Я знаю одного религиозного художника, который, возможно, сейчас стал популярным. Мы учились в одном колледже [Sombach]. Он рассказывал о своём желании писать картины на религиозные темы и о том, как он, для того чтобы нарисовать картину, смотрел на Распятие, у него возникала идея, и затем (издавал громкий звук). В итоге получалось какое-то ужасное искажение Христа на Кресте.

«Здесь позиция этого мнимо “чистого” живописца граничит с патологией, с теми болезненными явлениями, которые заключаются в отказе от вчувствования. Во всех этих состояниях царит смерть и отчуждение, взгляд человека касается лишь поверхности вещей и до его сознания более не доходит душевная жизнь других».

«Одновременно мир становится лабильным. Ибо как только феномены начинают рассматриваться вне их значения, они тут же переживаются как феномены неустойчивые, исчезающие, неопределённые, ненадёжные (Узнадзе). На основании этого можно понять, почему художественные направления, которые стремятся к текучему миру, тянутся к свободной от значения, абсолютной живописи».

«Живопись, которая начинается вскоре после 1900 года и господствует в 20-е годы, не только современница тогдашней техницизированной архитектуры. Дело и не в том, что её прелюдия относится к эпохе около 1800 года. Важно то, что она связана с ней на глубинном уровне. Её предпочитают и пропагандируют по всей Европе и за её пределами те же самые группы, что продолжают нести в себе “дух 1789 года”. Данная живопись и данная архитектура принадлежат друг другу, хотя новая архитектура так холодна и предметна, а новая живопись так необузданна и безумна. Одно является зеркальным отражением другого. Это действительно так, несмотря на то, что изображение предельно отделено от постройки».

«Подобная живопись не способствует членению или обыгрыванию пространства, как это пыталась делать декоративная фреска “stiles” сецессион. Наоборот, изображение стало чем-то замкнутым в себе; если раньше оно было стабильным “пятном на стене”, то теперь превратилось в нечто вроде книги, которую можно захлопнуть и отложить в сторону. Ле Корбюзье, этот вооружённый теориями защитник новой доктрины» — архитектор — «требует, чтобы в обязательном порядке его картины прятали в шкафы и вешали на стены только в часы соответствующего расположения духа: стабильное изображение как будто невыносимо».

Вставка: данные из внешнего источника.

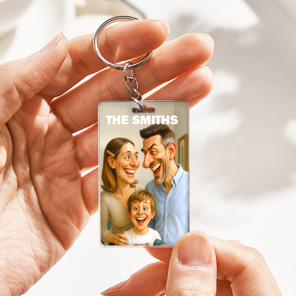 Personalisierter Lustiger Karikatur-porträt-schlüsselanhänger. Verwandeln Sie Ihr Foto In Ein Witziges Kunstgeschenk.
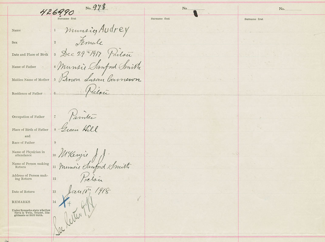 Female Birth Registration: Year: 1917 number: 42600990
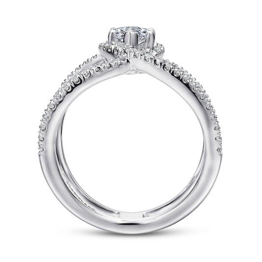 14K White Gold Round Bypass Diamond Engagement Ring
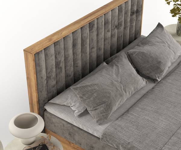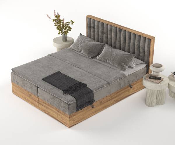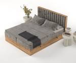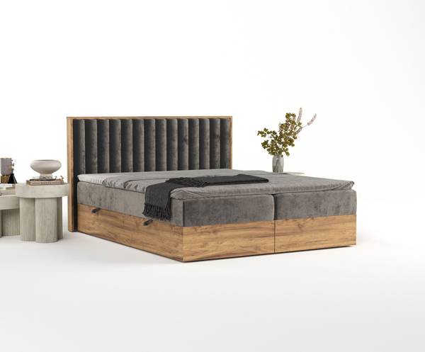 Das äußerst stilvolle Boxspringbett Komorebi besticht durch sein modernes und universelles Design. Das gepolsterte Kopfteil sorgt für einen angenehmen Liegekomfort und ist mit vertikalen Nähten verziert.
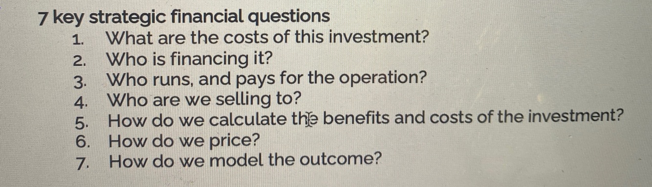 What are 7 key strategic financial questions?

«Подобная живопись одно время принадлежала к явлениям, обсуждать которые просто не приходило в голову, что не содействовало её трезвой оценке. Но крайне негативно настроенным критикам долго не удавалось поразить её  столь же глубоко, как историческому истолкованию, которое посредством простого описания данного явления открывает фундаментально проблематичные измерения всех этих опытов».

«Внутреннее сродство этой живописи с “современным” ещё вчера строительным искусством в первую очередь обнаруживается в их общей склонности к упразднению старых ордеров. Подобно тому как теперь существуют постройки, где нет отчётливо выраженных верхних и нижних частей, точно так же имеются теперь и изображения, у которых можно менять местами верх и низ. Конечно, это всего лишь внешний симптом, однако же глубоко показательный, ибо ничего подобного в истории живописи, на самых рискованных её окольных путях-заблуждениях до сих пор не было. Это является одним из предзнаменований внечеловеческого, нечеловеческого в данном искусстве. Тем самым произнесено  то слово, что даёт важнейший ключ к уразумению модернистской живописи (причём во всех её сектах, вся разница которых — в предпочтении различных средств)».

«Те облики мира, которые она с собой приносит, внечеловечны прежде всего с внешней стороны. Фотография 20-х годов демонстрирует уклонение “нормального” человеческого облика в сторону неких механических формул особенно отчётливо: взгляд снизу или крайний взгляд сверху, слишком резкое или слишком расплывчатое наведение, макросъёмка, непривычное кадрирование, рваная подсветка, искажения как в вогнутом зеркале».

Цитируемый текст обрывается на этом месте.